- _WHAT IS NEEDED_: Skip the pictures. Output only the lines below starting at the line with "HUTER W165-AR –" and ending at the line with "Neckline : StrapsShown", both ends included, exactly as they are.

- _AVAILABLE DATA_:
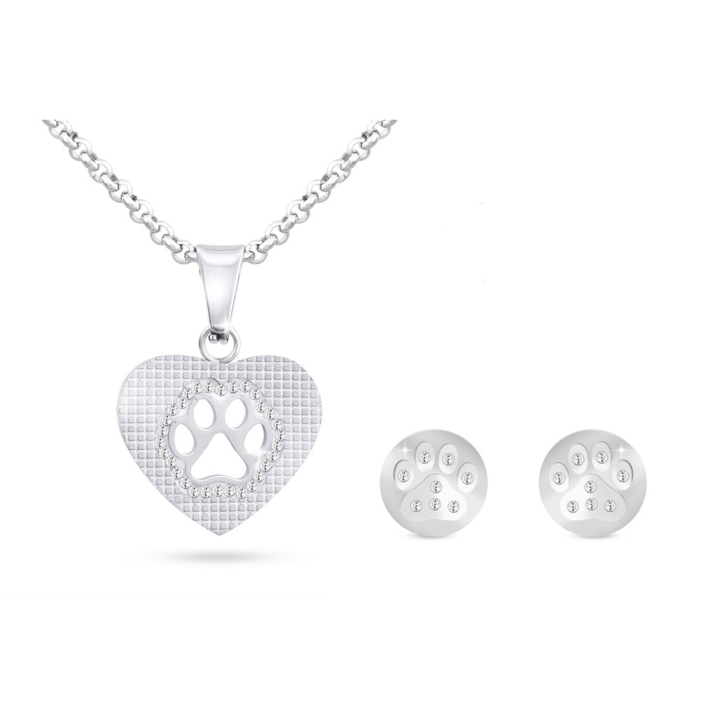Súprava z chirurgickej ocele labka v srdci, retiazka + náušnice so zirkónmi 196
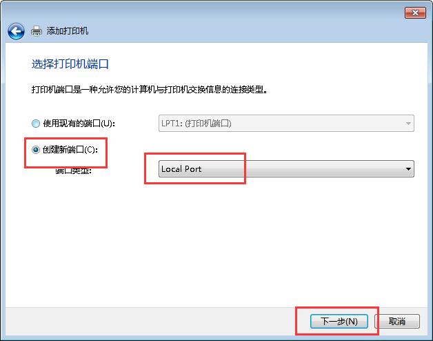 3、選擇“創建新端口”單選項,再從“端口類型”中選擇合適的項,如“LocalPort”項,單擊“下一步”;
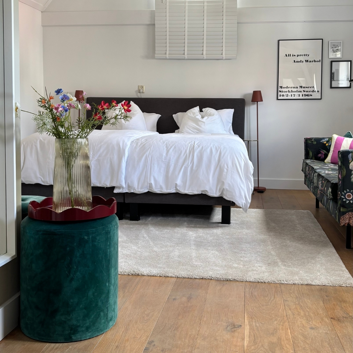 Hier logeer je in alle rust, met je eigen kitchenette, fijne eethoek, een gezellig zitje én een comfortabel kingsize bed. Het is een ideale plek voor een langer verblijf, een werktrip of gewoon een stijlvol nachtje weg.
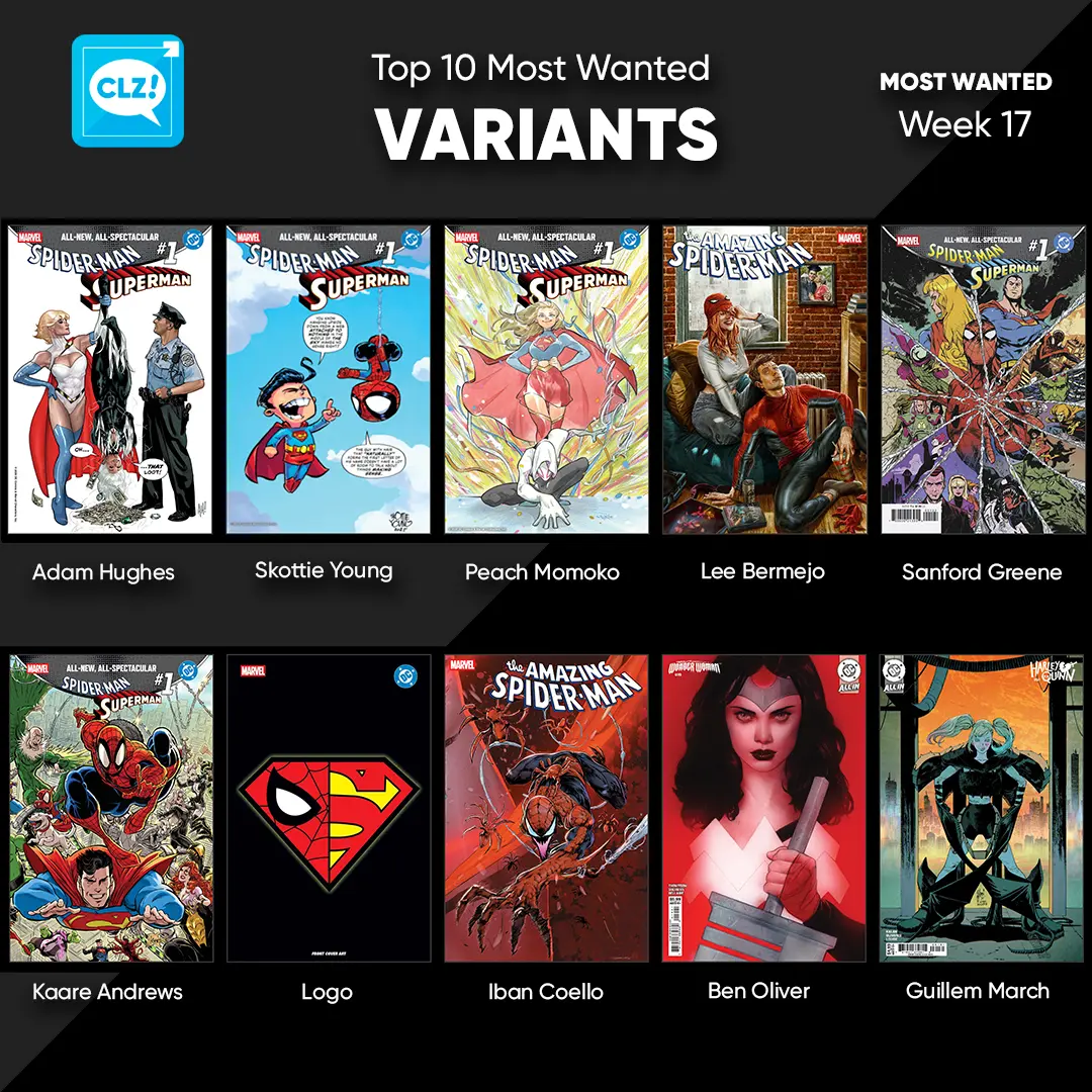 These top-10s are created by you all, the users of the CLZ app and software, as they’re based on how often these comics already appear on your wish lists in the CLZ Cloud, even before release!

--

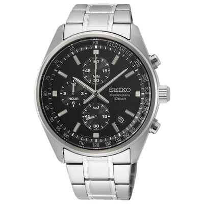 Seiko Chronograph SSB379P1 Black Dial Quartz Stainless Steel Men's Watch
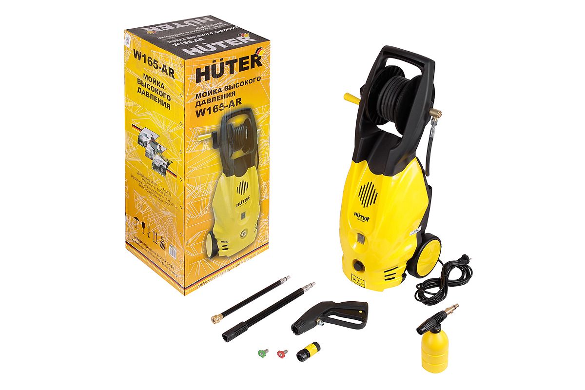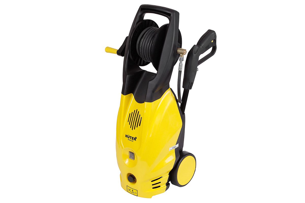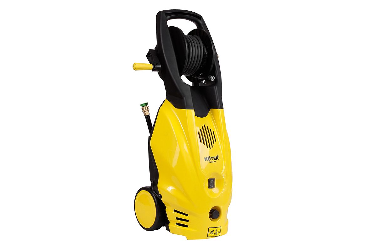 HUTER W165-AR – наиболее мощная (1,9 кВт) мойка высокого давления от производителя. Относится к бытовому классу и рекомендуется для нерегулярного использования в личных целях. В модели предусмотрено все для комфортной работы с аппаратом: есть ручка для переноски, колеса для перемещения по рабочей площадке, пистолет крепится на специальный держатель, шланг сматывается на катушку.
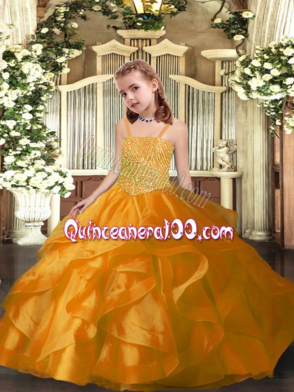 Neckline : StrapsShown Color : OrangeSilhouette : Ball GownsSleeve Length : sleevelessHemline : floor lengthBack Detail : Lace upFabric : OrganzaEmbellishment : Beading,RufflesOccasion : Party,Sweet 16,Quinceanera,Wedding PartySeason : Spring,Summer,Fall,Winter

---

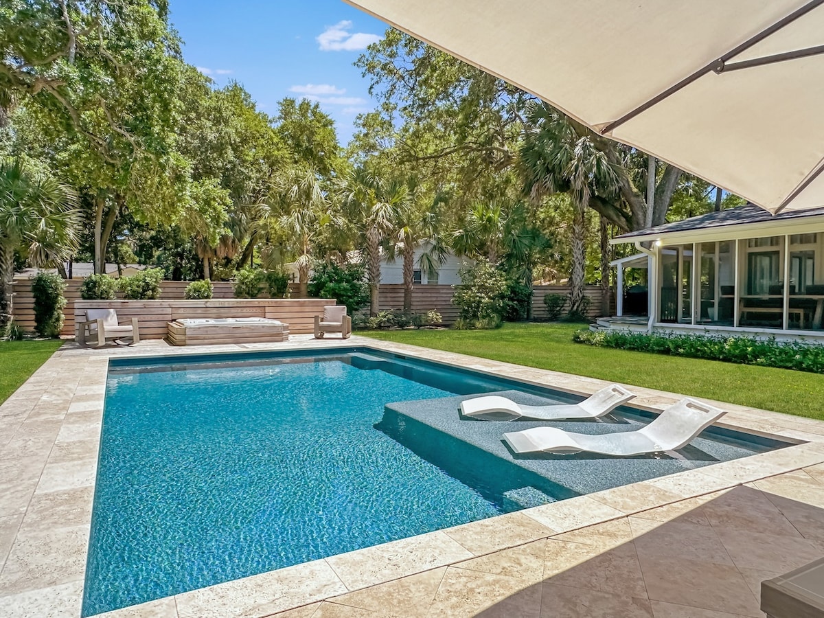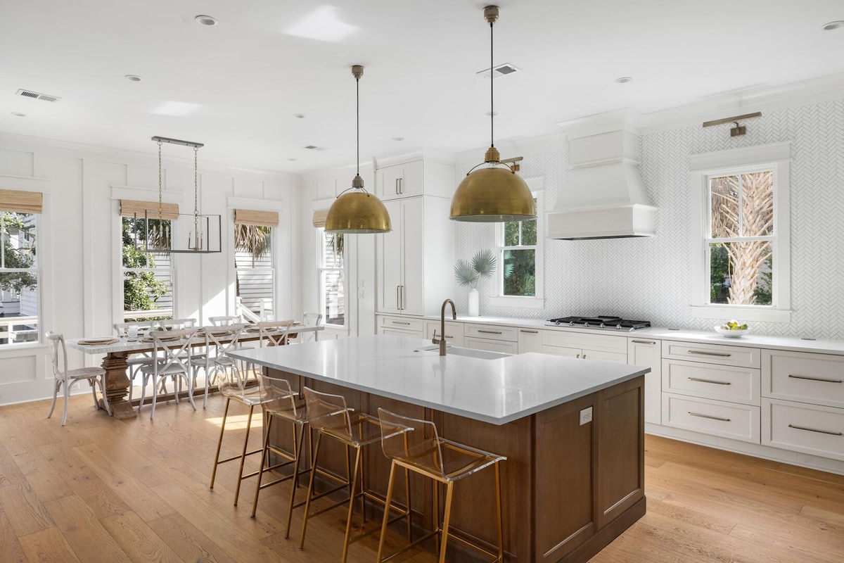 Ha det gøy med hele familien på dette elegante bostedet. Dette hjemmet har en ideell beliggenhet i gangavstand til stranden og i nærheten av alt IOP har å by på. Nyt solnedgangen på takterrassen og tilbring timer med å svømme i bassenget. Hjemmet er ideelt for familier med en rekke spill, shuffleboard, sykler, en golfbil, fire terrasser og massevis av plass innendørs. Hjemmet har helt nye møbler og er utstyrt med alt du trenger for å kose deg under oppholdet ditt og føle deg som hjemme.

- _OUTPUT OF THE EXERCISE_:
 HUTER W165-AR – наиболее мощная (1,9 кВт) мойка высокого давления от производителя. Относится к бытовому классу и рекомендуется для нерегулярного использования в личных целях. В модели предусмотрено все для комфортной работы с аппаратом: есть ручка для переноски, колеса для перемещения по рабочей площадке, пистолет крепится на специальный держатель, шланг сматывается на катушку.
 Neckline : StrapsShown Color : OrangeSilhouette : Ball GownsSleeve Length : sleevelessHemline : floor lengthBack Detail : Lace upFabric : OrganzaEmbellishment : Beading,RufflesOccasion : Party,Sweet 16,Quinceanera,Wedding PartySeason : Spring,Summer,Fall,Winter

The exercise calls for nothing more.